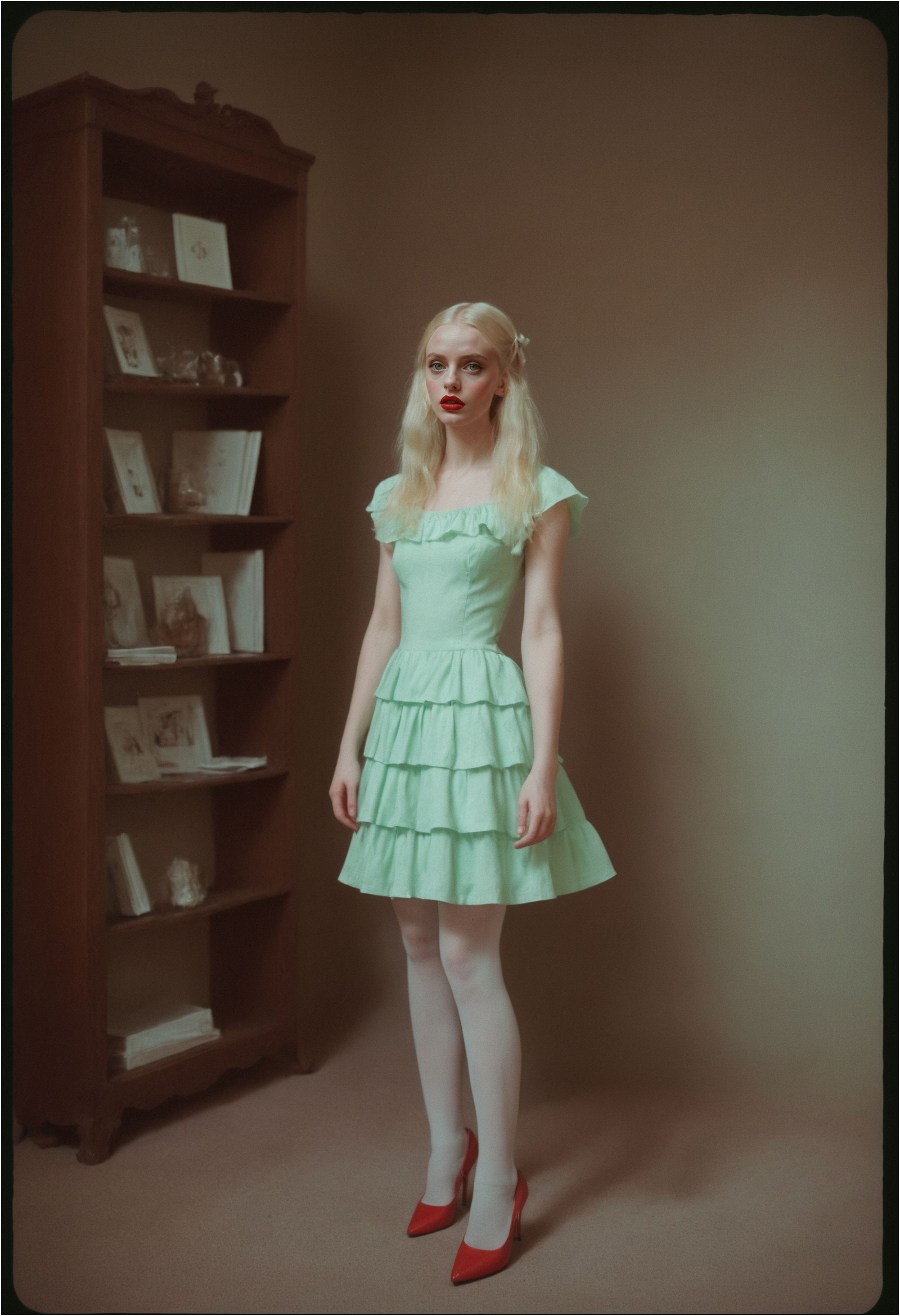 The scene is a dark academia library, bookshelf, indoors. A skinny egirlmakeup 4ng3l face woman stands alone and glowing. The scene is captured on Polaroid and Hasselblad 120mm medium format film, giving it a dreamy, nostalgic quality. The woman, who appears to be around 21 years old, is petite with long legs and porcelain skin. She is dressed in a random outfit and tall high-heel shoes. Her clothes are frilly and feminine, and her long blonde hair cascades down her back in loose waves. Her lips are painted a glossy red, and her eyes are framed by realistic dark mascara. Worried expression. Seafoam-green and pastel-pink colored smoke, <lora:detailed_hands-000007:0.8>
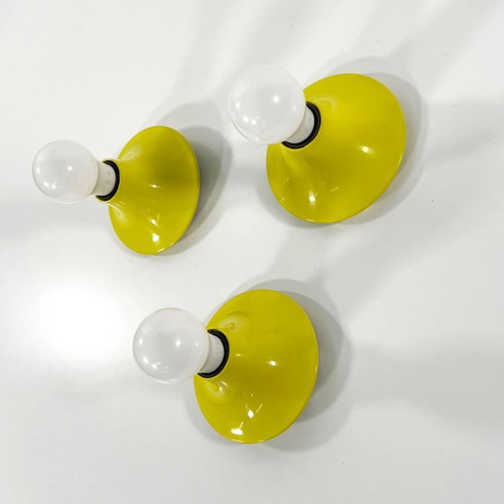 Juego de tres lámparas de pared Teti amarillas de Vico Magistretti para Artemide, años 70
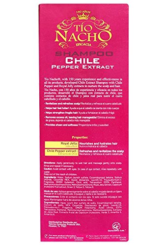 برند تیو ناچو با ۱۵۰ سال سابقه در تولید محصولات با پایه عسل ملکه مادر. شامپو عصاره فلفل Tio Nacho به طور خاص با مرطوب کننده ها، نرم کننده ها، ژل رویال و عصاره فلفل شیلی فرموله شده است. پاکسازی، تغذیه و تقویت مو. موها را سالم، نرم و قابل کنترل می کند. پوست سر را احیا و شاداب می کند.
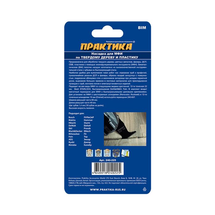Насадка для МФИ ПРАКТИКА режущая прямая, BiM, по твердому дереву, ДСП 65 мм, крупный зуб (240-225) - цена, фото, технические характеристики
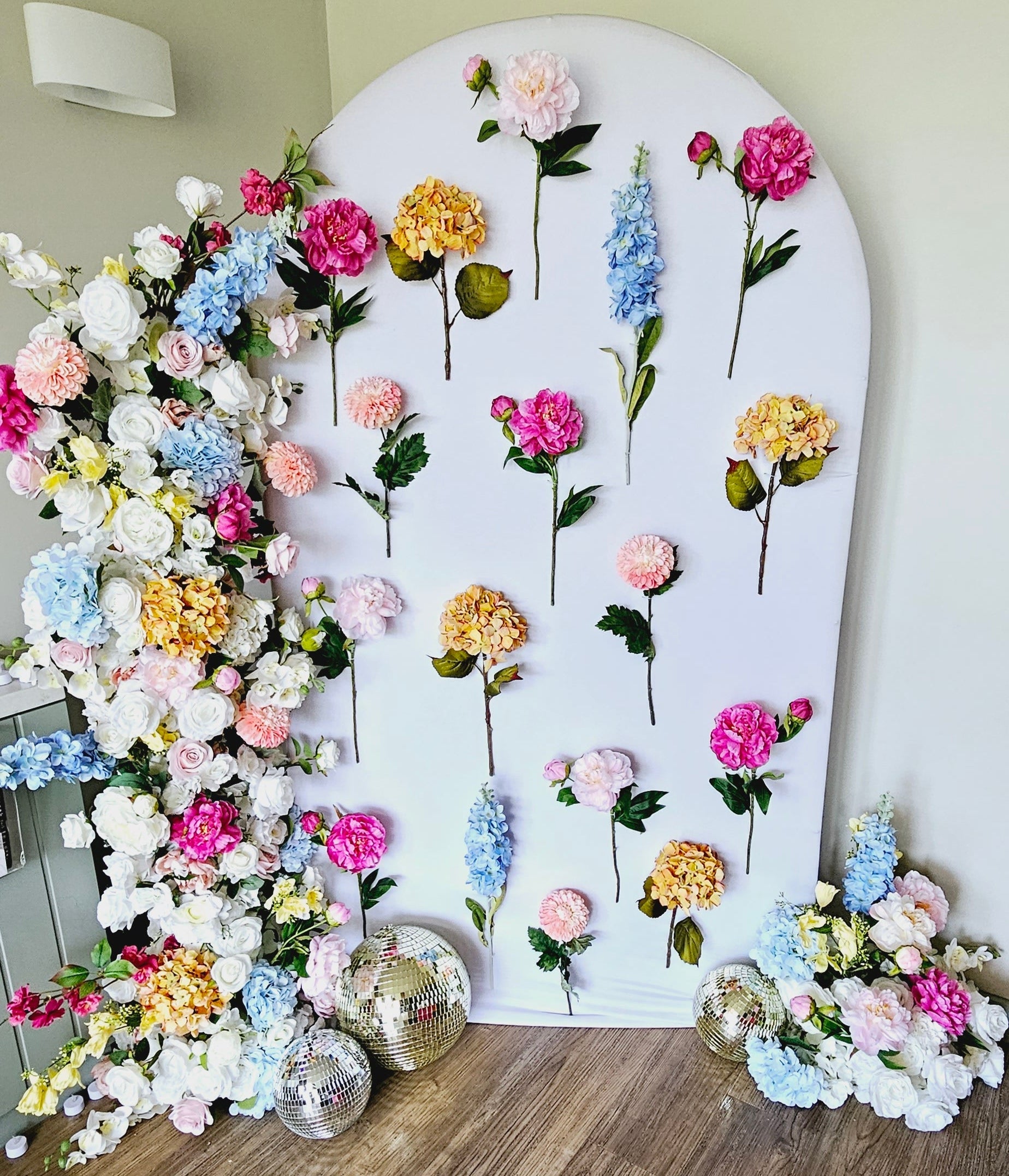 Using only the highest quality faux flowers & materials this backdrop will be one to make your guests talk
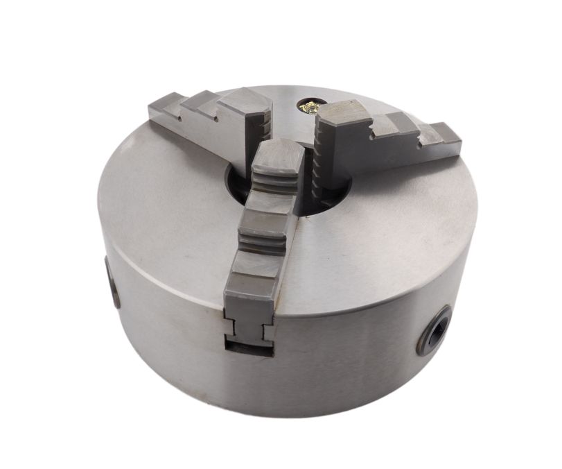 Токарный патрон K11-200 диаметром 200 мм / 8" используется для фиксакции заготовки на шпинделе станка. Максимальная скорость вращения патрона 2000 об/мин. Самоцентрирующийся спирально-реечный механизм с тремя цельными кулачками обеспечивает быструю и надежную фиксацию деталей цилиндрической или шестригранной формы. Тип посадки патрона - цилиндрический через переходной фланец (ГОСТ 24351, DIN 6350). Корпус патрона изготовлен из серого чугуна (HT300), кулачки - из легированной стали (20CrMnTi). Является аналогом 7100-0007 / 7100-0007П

* * *

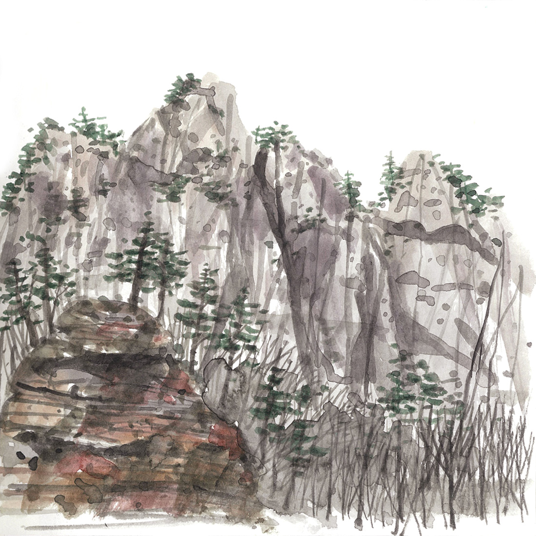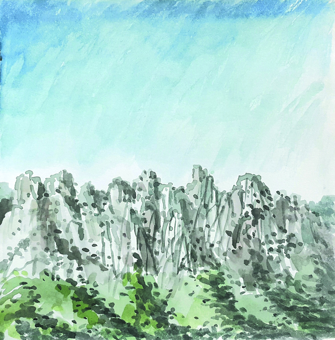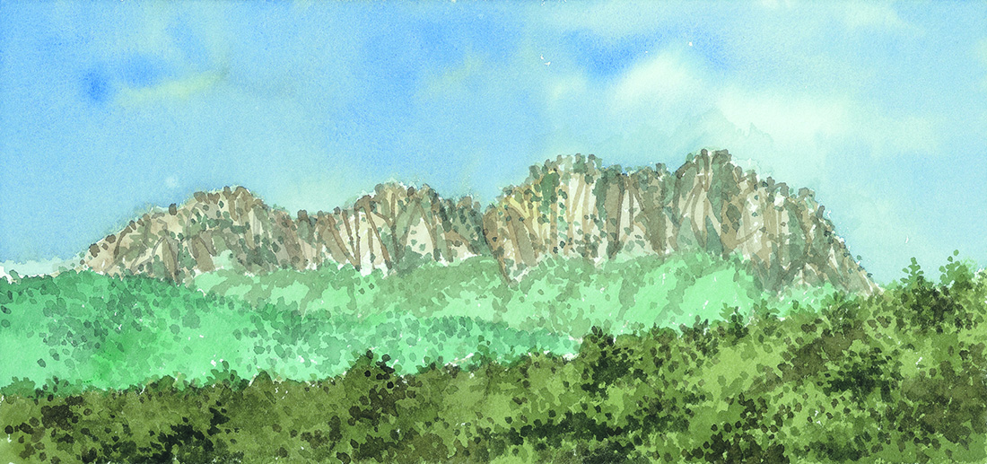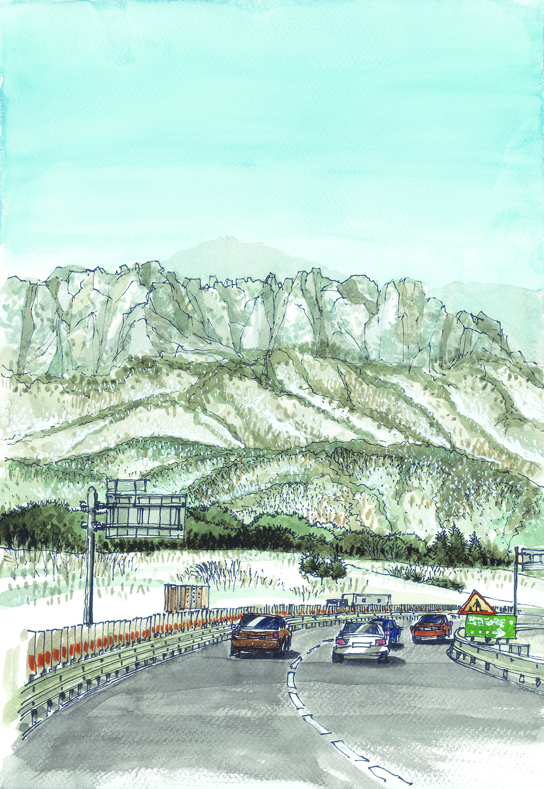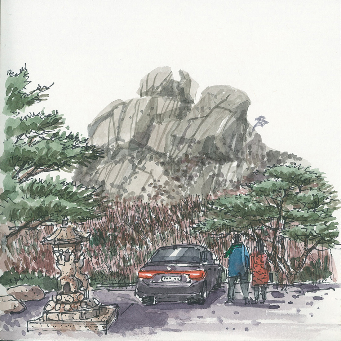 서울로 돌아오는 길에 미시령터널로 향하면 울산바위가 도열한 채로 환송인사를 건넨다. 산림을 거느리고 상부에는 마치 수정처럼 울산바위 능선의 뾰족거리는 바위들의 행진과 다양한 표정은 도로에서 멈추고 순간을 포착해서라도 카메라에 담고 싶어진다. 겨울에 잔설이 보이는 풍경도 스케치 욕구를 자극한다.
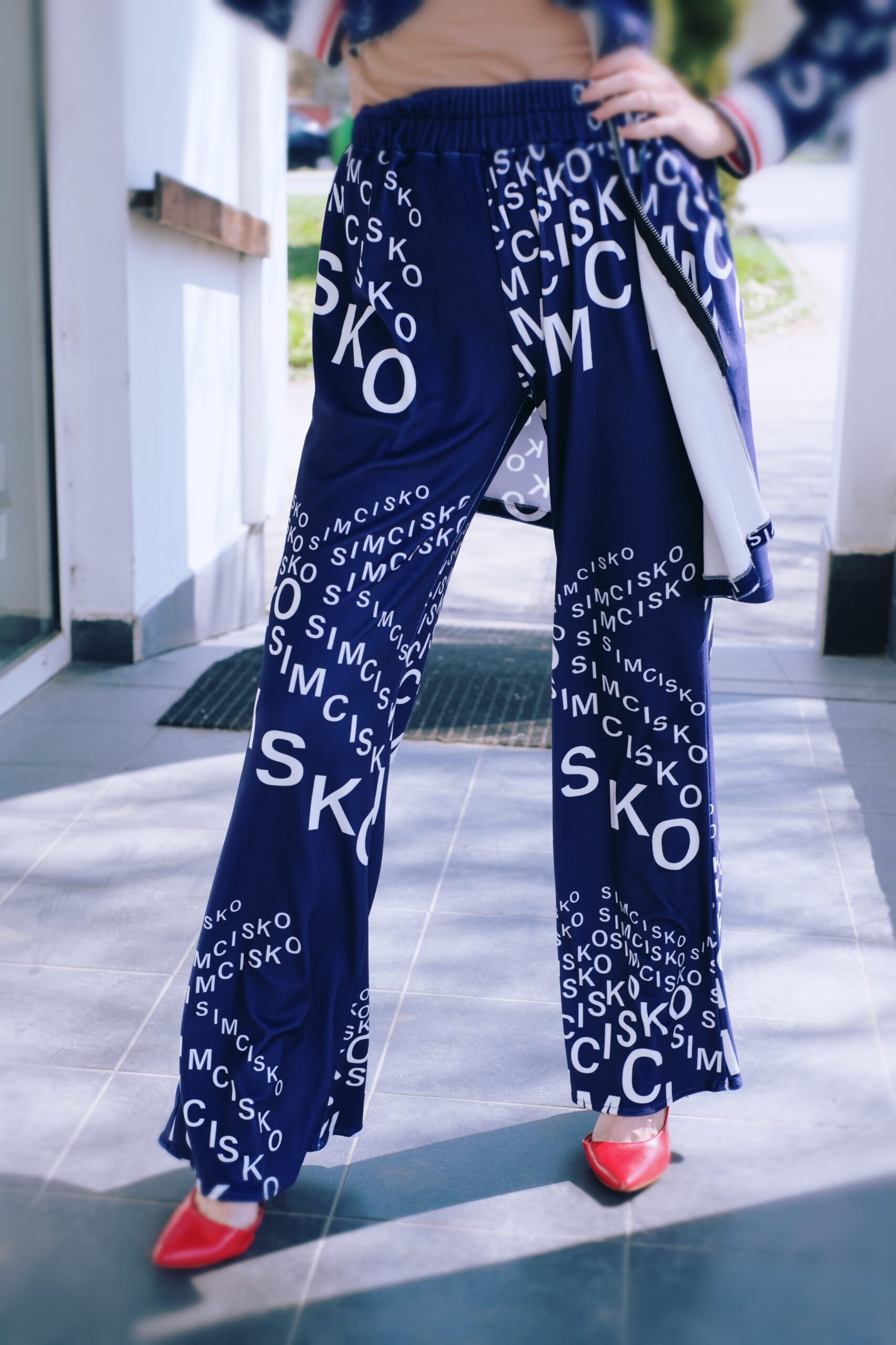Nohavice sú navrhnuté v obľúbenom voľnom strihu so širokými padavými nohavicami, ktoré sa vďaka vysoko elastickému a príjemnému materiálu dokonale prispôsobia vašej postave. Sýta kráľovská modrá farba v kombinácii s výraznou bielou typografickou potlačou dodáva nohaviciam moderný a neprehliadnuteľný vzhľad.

(PROBLEM DESCRIPTION): Which part of the entries opens with the line containing "서울로 돌아오는 길에" and closes with the line containing "Nohavice sú navrhnuté"? Output that part exactly, ends included, pictures excluded.

(REPLY TO THE EXERCISE):
 서울로 돌아오는 길에 미시령터널로 향하면 울산바위가 도열한 채로 환송인사를 건넨다. 산림을 거느리고 상부에는 마치 수정처럼 울산바위 능선의 뾰족거리는 바위들의 행진과 다양한 표정은 도로에서 멈추고 순간을 포착해서라도 카메라에 담고 싶어진다. 겨울에 잔설이 보이는 풍경도 스케치 욕구를 자극한다.
Nohavice sú navrhnuté v obľúbenom voľnom strihu so širokými padavými nohavicami, ktoré sa vďaka vysoko elastickému a príjemnému materiálu dokonale prispôsobia vašej postave. Sýta kráľovská modrá farba v kombinácii s výraznou bielou typografickou potlačou dodáva nohaviciam moderný a neprehliadnuteľný vzhľad.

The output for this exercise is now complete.